Hemorrhagic shock causes global ischemic stress [24]. Much of the tissue damage following hemorrhagic shock is a result of hypoperfusion (during bleeding) and the restoration of perfusion (following resuscitation) [25]. During the compensatory stage (shock 10-60 min), various protection mechanisms in the body respond to the decline of blood volume, and there is no significant damage in the mitochondrial ultrastructure and function. However, autoregulation may be temporary during the process of severe shock when blood pressure is lower than a threshold for a long time. The period of 50-70 min most likely corresponds to the turning point from compensatory to decompensated stage [26], since mPT pore opening, mitochondrial swelling and cristae disruption are observed at 2 h after bleeding and at 2 h after resuscitation. Similarly, intracellular ATP level is progressively decreased, especially at 2 h after resuscitation. In accordance with our previous studies, the present study provides further evidence in support of the notion that mitochondria injury plays an important role in the pathogenesis of hemorrhagic shock.

The dissection of the pathways that regulate mitochondrial biogenesis and energy metabolism provides new insights into the mechanisms of mitochondrial damage in cardiovascular diseases [27, 28]. Histone deacetylases have been demonstrated to dramatically improve survival following lethal hemorrhagic shock in the rat [14, 29]. Recently, it has been reported that the activity of SIRT1/3 deacetylase is correlated with mitochondrial function [8]. In the present study, we investigated whether changes in SIRT1/3 levels and activity contribute to the severity of hemorrhagic shock. Our results revealed significant decreases in SIRT1 and SIRT3 levels and activity following hemorrhagic shock and indicate that such changes in SIRT1/3 worsens hemorrhagic shock by exacerbating mitochondria injury in vascular smooth muscle cells. These findings are consistent with previous reports on myocardial injury following ischemia-reperfusion [30, 31].

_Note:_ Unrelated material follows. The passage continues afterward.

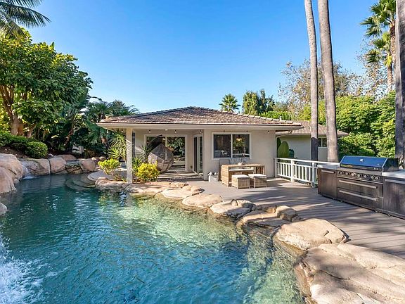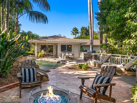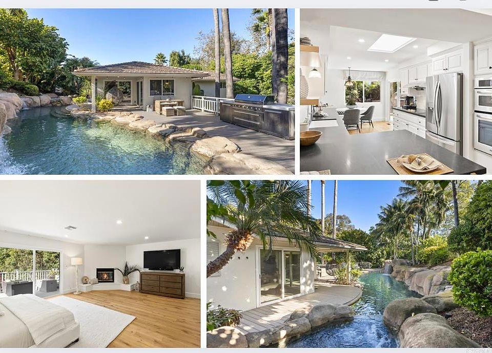 Shangri-La in the Covenant Discover your private oasis—an elegant, single-level-style retreat nestled on a beautifully landscaped, nearly half-acre lot in the heart of the Covenant. Just steps from the historic and charming Village of Rancho Santa Fe, this hidden gem on a private cul-de-sac along Camino Selva offers the perfect balance of tranquility and convenience. Tucked amid lush greenery, this thoughtfully renovated home blends modern sophistication with timeless comfort. Every room captures serene garden views and complete privacy. The interiors feature meticulous updates throughout, including a stunning chef’s kitchen, reimagined baths, custom lighting, newer windows and sliders, and wide-plank white oak flooring. An open-concept design connects the kitchen, spacious living room with fireplace, elegant dining area, and guest powder room—each space flowing effortlessly to the outdoors. The expansive primary suite on the main level is a private sanctuary, complete with a cozy fireplace and spa-inspired bath. Upstairs, two additional bedrooms, two full baths, a laundry room, and a relaxing sauna offer flexibility for family or guests. Outdoors, lush gardens and thoughtfully designed entertaining spaces invite you to unwind. The freeform pool and spa—accented by natural rock water features—create a resort-like ambiance. A vibrant landscape of figs, lemons, limes, pineapple guavas, and roses enhances the sense of seclusion and serenity. With its coveted Covenant address, this property also includes eligibility for membership at the exclusive Rancho Santa Fe Golf and Tennis Clubs. Charming, private, and beautifully updated—this is Rancho Santa Fe living at its best.

In agreement with most studies, we observed that SIRT1 is present both in the nucleus and in the cytoplasm with dominant expression in the nucleus [32]. SIRT3 is localized both in the nucleus and in the mitochondria [33, 34]. However, both nuclear localization of SIRT1 and mitochondrial localization of SIRT3 are reduced in ASMCs during hemorrhagic shock. Altered mPT is a key mechanism of ischemia-reperfusion injury and severe shock [20, 35, 36], and CypD is an important regulator of mPT pore [17, 37]. Recently, it was found that posttranslational modification of mitochondrial proteins via the acetylation/deacetylation of protein lysine residues plays an important role in the regulation of mitochondrial function [19, 38]. SIRT3 is the most robust mitochondrial deacetylase and its activity is necessary to prevent mitochondrial dysfunction by modulating the acetylation and activity of CyPD. Thus, the deacetylation of CyPD may be a control point for mPT pore regulation [15]. We found that acetylation of CyPD is enhanced in ASMCs following severe shock. To our knowledge, this is the first study to demonstrate acetylation-related epigenetic regulation of SIRT1/3 in the mitochondria during severe shock.

SIRT1 can be activated by resveratrol, and SIRT1 activity is necessary for resveratrol-mediated mitochondrial biogenesis [13, 32, 41]. Resveratrol treatment can restore SIRT1 activity, and improve SIRT3 deacetylase activity in ASMCs during severe hemorrhagic shock. In addition, inhibition of SIRT1 with EX527 abrogates the effect of Res on SIRT3 deacetylase activity, indicating a critical role of SIRT1 in the regulation of SIRT3 activity in vascular cells. Indeed, the results in the experiments where the specific SIRT1 activator SRT1720 is applied confirmed the role of SIRT1 in the regulation of SIRT3 activity. Further investigation is required to determine whether SIRT1 directly targets SIRT3 to regulate mitochondrial function or indirectly via other mediators. Activation of SIRT1 also prevents persistent opening of mPT pore and the decline of intracellular ATP, and improves vasoreactivity and MAP. Our results are consistent with previous findings that resveratrol treatment protects against mitochondrial injury and improves survival in rats with severe hemorrhagic shock and other cardiovascular conditions [42, 43]. Based on these data, we propose that SIRT1/3 play a protective role against mitochondria injury and dysfunction in ASMCs and thereby preserves vasoreactivity during severe hemorrhagic shock (Figure 5).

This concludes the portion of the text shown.